A comprehensive overview of the changes in allele frequency of all pre-1945 SNPs (in post-2005 and starch cultivars compared with old cultivars) is shown in Fig. 7. The largest column in the middle of the figure shows that the majority of the SNPs (6441 or 42 %) hardly changed in allele frequency during a century of potato breeding. Starch cultivars show somewhat larger fluctuations in allele frequencies, because of an emphasis on introgression breeding for nematode resistance along with founder effects (discussed below). Figure 7 also suggests that larger numbers of SNPs have declined, as compared to the number of SNPs that show an increased allele frequency. This suggests that broadening of the genetic diversity by introgression since 1945 results in an overall net decrease of the frequency of pre-1945 haplotypes. In addition to these allele substitutions, founder effects may also reinforce this fluctuation. In Fig. 8 the change in allele frequency in the “starch” subpopulation is plotted against the allele dosage of an important progenitor (VTN 62-33-3). The figure clearly shows that a higher dosage of a SNP in an important founder contributes to the gain in allele frequency over time. The correlation between SNP dosage in a specific founder and allele frequency gain within the “starch” subpopulation was strongest for VTN 62-33-3 and AM 78-7804, two frequently used progenitors.
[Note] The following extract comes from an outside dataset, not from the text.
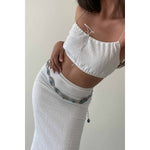 Unit price / perChic crop top and midi skirt set with elegant embellishments.
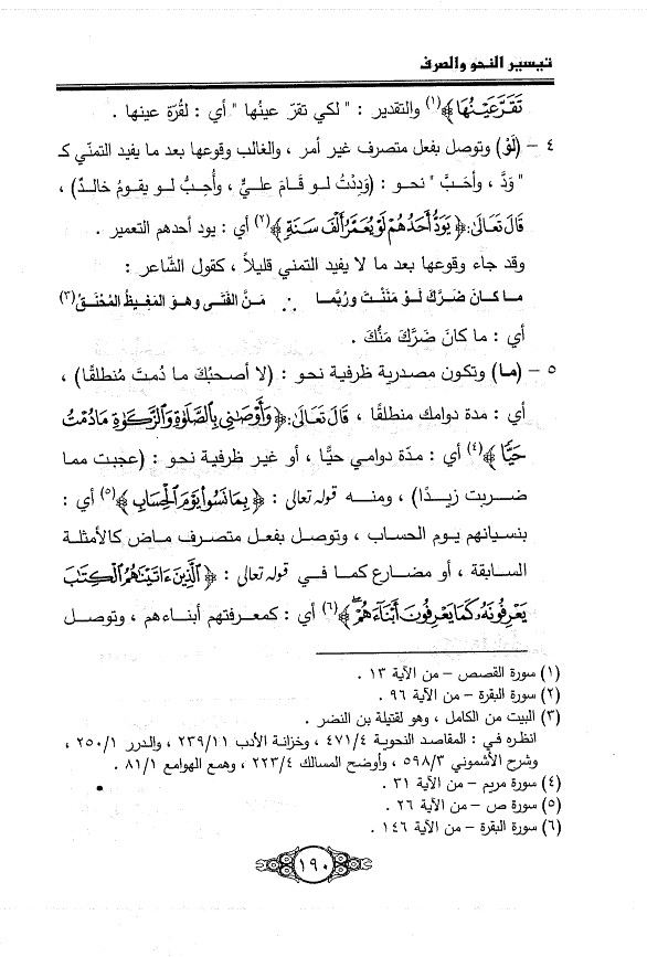 تيسير النحو والصرف تَقَرَّعَيْنُهَا ﴾ ۱ والتقدير " لكي تقرّ عينها " أي القُرّة عينها ٤ - لو وتوصل بفعل متصرف غير أمر والغالب وقوعها بعد ما يفيد التمني كـ وَدَّ وأحَبَّ " نحو وَدِدْتُ لو قام علي وأُحِبُّ لو يقوم خالد قَالَ تَعَالَى ﴿ يَوَدُّ أَحَدُهُمْ لَوْ يُعَمَّرُ أَلْفَ سَنَةٍ أي يود أحدهم التعمير وقد جاء وقوعها بعد ما لا يفيد التمني قليلاً كقول الشاعر ما كان ضَرَّكَ لَوْ مَنَنْتَ وَرُبَّما من الفتي وهو المغيظُ المُختَق ۳ أي ما كَانَ ضَرَّكَ مَنكَ ه - ما وتكون مصدرية ظرفية نحو لا أصحبك ما دمت منطلقا أي مدة دوامك منطلقا قَالَ تَعَالَى ﴿ وَأَوْصَنِي بِالصَّلَوَةِ وَالزَّكَوةِ مَا دُمْتُ ٤ أي مدّة دوامي حيًّا أو غير ظرفية نحو عجبت مما حيا أي ضربت زيدا ومنه قوله تعالى بِمَا نَسُوا يَوْمَ الْحِسَابِ أي بنسيانهم يوم الحساب وتوصل بفعل متصرف ماض كالأمثلة السابقة أو مضارع كما في قوله تعالى ﴿ الَّذِينَ ءَاتَيْنَاهُمُ الْكِتَبَ يَعْرِفُونَهُ كَمَا يَعْرِفُونَ أَبْنَاءَهُمْ ﴾ ٢ أي كمعرفتهم أبناء هم وتوصـــل ۱ سورة القصص - من الآية ١٣ سورة البقرة - من الآية ٩٦ ۳ البيت من الكامل وهو لقتيلة بن النضر انظره في المقاصد النحوية ٤١/٤ وخزانة الأدب ۳۹/۱۱ والدرر ٢٥٠/١ وشرح الأشموني ٥۹۸/۳ وأوضح المسالك ٣/٤ وهمع الهوامع ۸۱/۱ ٤ سورة مريم - من الآية ٣١ ٥ سورة ص - من الآية ٢٦ ٦ سورة البقرة - من الآية ١٤٦ ۱۹۰ |

The processes underlying allele frequency changes over time: introgression, substitution, selection, drift and founder effects (frequent use of parents) are highly confounded. Still we assume that SNP variants that show the greatest increase in frequency are linked to important alleles for agronomic performance and vice versa. The most striking observations are that (1) 95.1 % of the pre-1945 SNPs are still polymorphic after 50–150 years of breeding and (2) we do not observe any fixation of pre-1945 SNPs in cultivars released after 2005.